Extended reasoning...

What the bug is and how it manifests

The PR introduces bunHTTP2SessionDestroyError, a session-scoped symbol set on the session object before parser.emitErrorToAllStreams(code) is called. The function emitStreamErrorNT reads this symbol to decide which error to deliver to stream 'error' listeners. The symbol is never cleared after emitErrorToAllStreams returns.

The specific code path that triggers it

Native stream close/error callbacks (streamClose/streamError) schedule emitStreamErrorNT asynchronously:

process.nextTick(emitStreamErrorNT, self, stream, error, true, ...)

These nextTick entries are queued immediately when the native parser fires its callback, before the current synchronous call stack unwinds.
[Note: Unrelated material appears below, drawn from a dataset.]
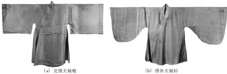
图 3 王店明代李氏墓出土服饰 1

细节进行创新，有了多样化的突破，这种新奇多样的服装形制在王店明代李氏墓出土服饰中得到反映。如出土的折褶大袖袍、圆领袍、交领袍、绣补大袖袍、对襟上衣、绣补大袖衫等服装中，整体上沿承了中国古代服饰交领右衽、衣裳连属、宽衣阔袖的典型特点(图 3),但在形制细节上，不同服装款式其结构、细节各不相同，主要体现在领襟、袖子两个部位。

Why existing code doesn't prevent it

If a stream was already closing (its streamClose/streamError native callback had already fired) before session.destroy(myErr) is invoked in the same synchronous turn, the nextTick for that stream is already in the queue. When destroy() then sets session[bunHTTP2SessionDestroyError] = myErr and calls emitErrorToAllStreams, the native layer may skip the already-closed stream. When the pre-queued nextTick fires, emitStreamErrorNT reads the still-set symbol and substitutes myErr — completely overwriting the stream's original error reason.

Concrete step-by-step proof

  1. Server sends RST_STREAM(CANCEL) for stream A → native parser fires streamClose(session, streamA, NGHTTP2_CANCEL) synchronously → JS callback schedules process.nextTick(emitStreamErrorNT, session, streamA, NGHTTP2_CANCEL, ...).
  2. In the same I/O callback (or a synchronous event handler triggered by it, e.g., streamEnd calling self.destroy() as already done at line ~2869), user code calls client.destroy(myErr).
  3. ClientHttp2Session.destroy() sets session[bunHTTP2SessionDestroyError] = myErr (line 3811) and calls parser.emitErrorToAllStreams(0). Stream A is already closed at the native layer, so it is not re-processed.
  4. The nextTick from step 1 fires. emitStreamErrorNT reads self[bunHTTP2SessionDestroyError] which is still myErr. It sets error_instance = myErr and emits myErr to stream A's 'error' listener.
  5. Stream A reports myErr (e.g., ERR_HTTP2_SESSION_ERROR) instead of ERR_HTTP2_STREAM_ERROR / CANCEL — the wrong error for a stream that closed before the session was destroyed.

Impact

Application code relying on the stream error's code or message to distinguish why a stream failed will receive incorrect information. A stream that received a valid server RST_STREAM (e.g., rate limiting, request cancellation) would show the client-side session destroy error instead, making error handling and diagnostics incorrect.

How to fix it

Option A (simpler): Clear the symbol immediately after emitErrorToAllStreams returns:

if (streamDestroyError \!== undefined) this[bunHTTP2SessionDestroyError] = streamDestroyError;
parser.emitErrorToAllStreams(code || constants.NGHTTP2_NO_ERROR);
this[bunHTTP2SessionDestroyError] = undefined; // clear after use

This prevents any pre-queued nextTicks from picking up the symbol since they fire after the current synchronous block.

Option B (more robust): Pass the error explicitly through emitErrorToAllStreamsemitStreamErrorNT as a parameter instead of using a session-level side channel, eliminating the shared mutable state entirely.